→ **AVAILABLE DATA**:
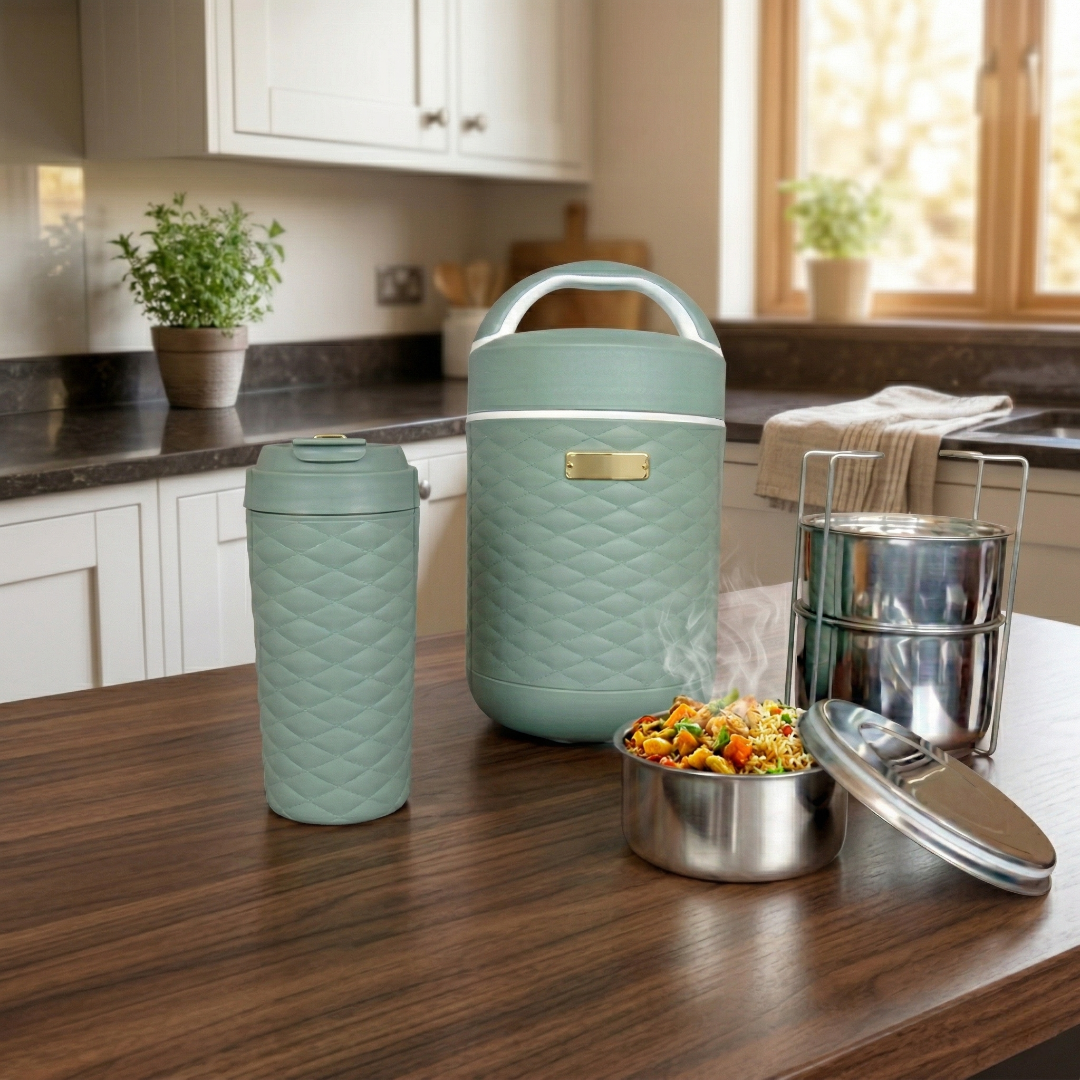 - 🎁 2-piece combo set (Tiffin Box + Vacuum Flask)
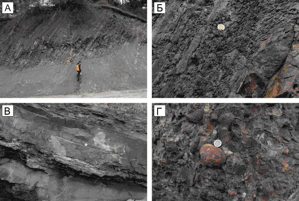 Рис. 4. Формации исследованного участка: (А) обнажение тонкослоистой формации у дороги на Самадло; (Б) контакт тонкослоистой формации с преобладающим аргиллитом; (В) песчаник толстослоистой формации; (Г) конгломерат толстослоистой формации (фото K. Кайлига)
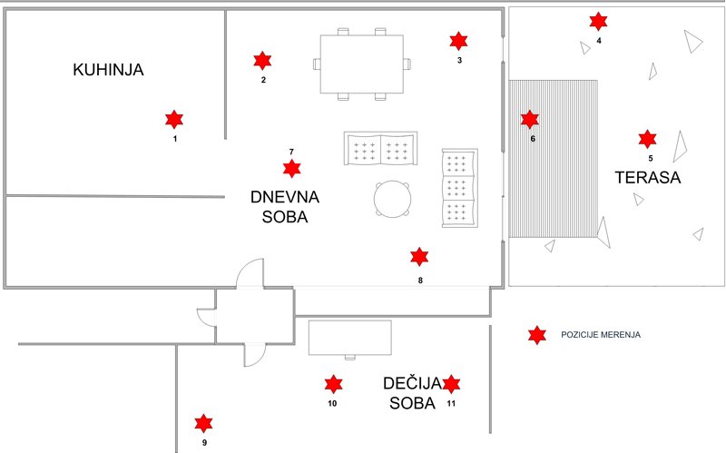 Primer: Plan glavnih merenja EMZ sa pozicijama merenja u stanu korisnika
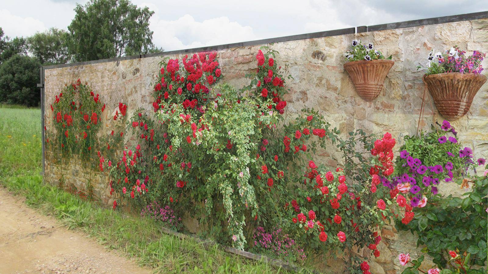 Оригинальное и не слишком дорогое ограждение, больше подходящее для загородных участков. Фотосетка на основе армированного ПВХ натягивается между опорными столбами и фиксируется металлическими креплениями. Для большей надежности ее можно укрепить поверх сетки-рабицы или не слишком красивого деревянного забора: получится стильная, долговечная и непроницаемая для посторонних взглядов ограда.

→ **EXERCISE DIRECTIONS**:
Return the listing above in an exact copy that leaves out the images.

→ **WRITTEN ANSWER**:
 - 🎁 2-piece combo set (Tiffin Box + Vacuum Flask)
 Рис. 4. Формации исследованного участка: (А) обнажение тонкослоистой формации у дороги на Самадло; (Б) контакт тонкослоистой формации с преобладающим аргиллитом; (В) песчаник толстослоистой формации; (Г) конгломерат толстослоистой формации (фото K. Кайлига)
 Primer: Plan glavnih merenja EMZ sa pozicijama merenja u stanu korisnika
 Оригинальное и не слишком дорогое ограждение, больше подходящее для загородных участков. Фотосетка на основе армированного ПВХ натягивается между опорными столбами и фиксируется металлическими креплениями. Для большей надежности ее можно укрепить поверх сетки-рабицы или не слишком красивого деревянного забора: получится стильная, долговечная и непроницаемая для посторонних взглядов ограда.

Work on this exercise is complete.